Die Kaiserin sah nie wie die Kaiserin aus, sondern immer wie Romy Schneider.

von Karl Hohenlohe

über eine Premiere in der Urania

Filmpremiere „Ludwig II“ in der Urania in Wien. Nein, den Hauptdarsteller hat man nicht in der Kutsche gebracht, er entsteigt einem ganz normalen Taxi und man überlegt, ob man enttäuscht ist. Dort drüben steht Frau Herzsprung, die als Kaiserin Elisabeth agiert. Sieht sie der Kaiserin ähnlich? Ja, schon, denn die Kaiserin sah nie wie die Kaiserin aus, sondern immer wie Romy Schneider. „Entzückend“, sagt eine ältere Dame im Vorübergehen, zückt ein kleines, vergilbtes Büchlein, wo auf Seite 4 „Romy Schneider“ unterschrieben hat und bald schon auf Seite 96 „Hannah Herzsprung“ stehen wird. „Ludwig II“ heißt Sabin Tambrea und wenn es einen Preis für den lautmalerischsten Namen eines Ludwig-Darsteller gäbe, hätte er ihn schon gewonnen. Wieder erliegt man dem Klischee, so hat man sich den König vorgestellt, blass, aber nur von der Gesichtsfarbe her, und groß gewachsen, denn kleine Könige finden in der Bevölkerung weniger Anklang.

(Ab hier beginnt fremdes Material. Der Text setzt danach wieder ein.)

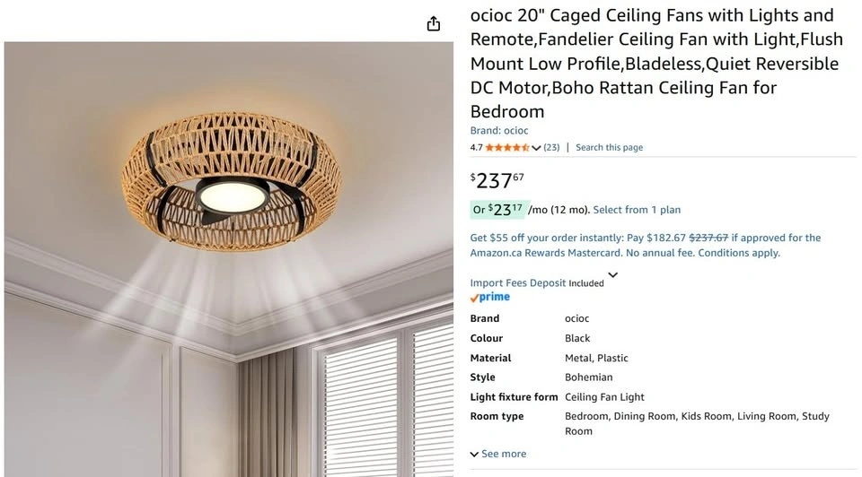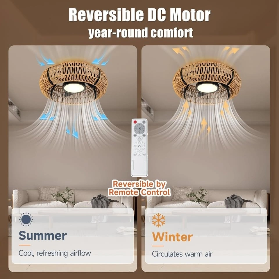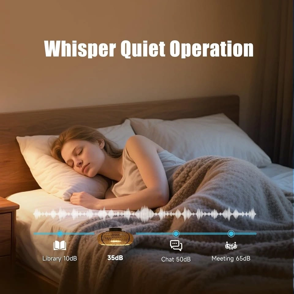 - Remote control with 6 speeds, timer, and no‑beep mode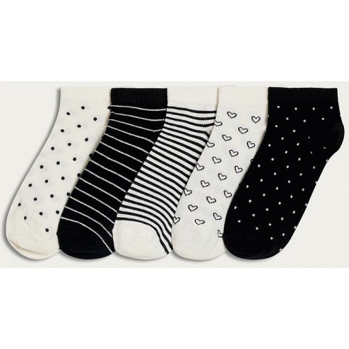 Girls 5-Pack Cotton Rich Patterned Ankle Socks in Multi

In den Anfangsjahren des Fernsehens sah ich einmal ein Interview mit einer uralten Bäuerin. In ihren Kindheitstagen war sie des Nachts vom Schellen unzähliger Glöckchen geweckt worden, sie lief zum Fenster und da glitt der seltsame König in einem Schlitten vorbei, der von vier Schimmeln gezogen wurde. Vorne, wo vier Putten einen Kronleuchter hielten, brannte ein elektrisches Licht. In Wien brauste Applaus auf und der König verließ die Urania so, wie er gekommen war. Wieder überlegte man, ob man enttäuscht war. Ja, weil man beim Wegfahren keine Glöckchen hörte.